### Exercise objective:
Write out the listing below in its entirety, minus the pictures, without changing a word.

### Data section:
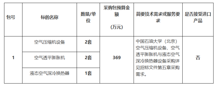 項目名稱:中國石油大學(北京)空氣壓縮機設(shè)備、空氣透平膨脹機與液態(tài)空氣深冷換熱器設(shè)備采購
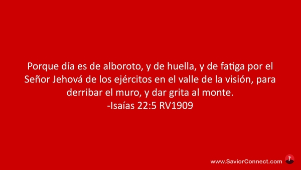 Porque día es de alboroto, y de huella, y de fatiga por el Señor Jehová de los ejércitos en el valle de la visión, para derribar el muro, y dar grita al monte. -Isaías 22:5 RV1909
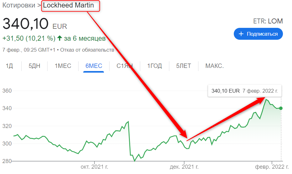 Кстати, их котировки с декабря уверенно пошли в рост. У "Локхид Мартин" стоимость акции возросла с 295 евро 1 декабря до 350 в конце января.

### Your solution:
 項目名稱:中國石油大學(北京)空氣壓縮機設(shè)備、空氣透平膨脹機與液態(tài)空氣深冷換熱器設(shè)備采購
 Porque día es de alboroto, y de huella, y de fatiga por el Señor Jehová de los ejércitos en el valle de la visión, para derribar el muro, y dar grita al monte. -Isaías 22:5 RV1909
 Кстати, их котировки с декабря уверенно пошли в рост. У "Локхид Мартин" стоимость акции возросла с 295 евро 1 декабря до 350 в конце января.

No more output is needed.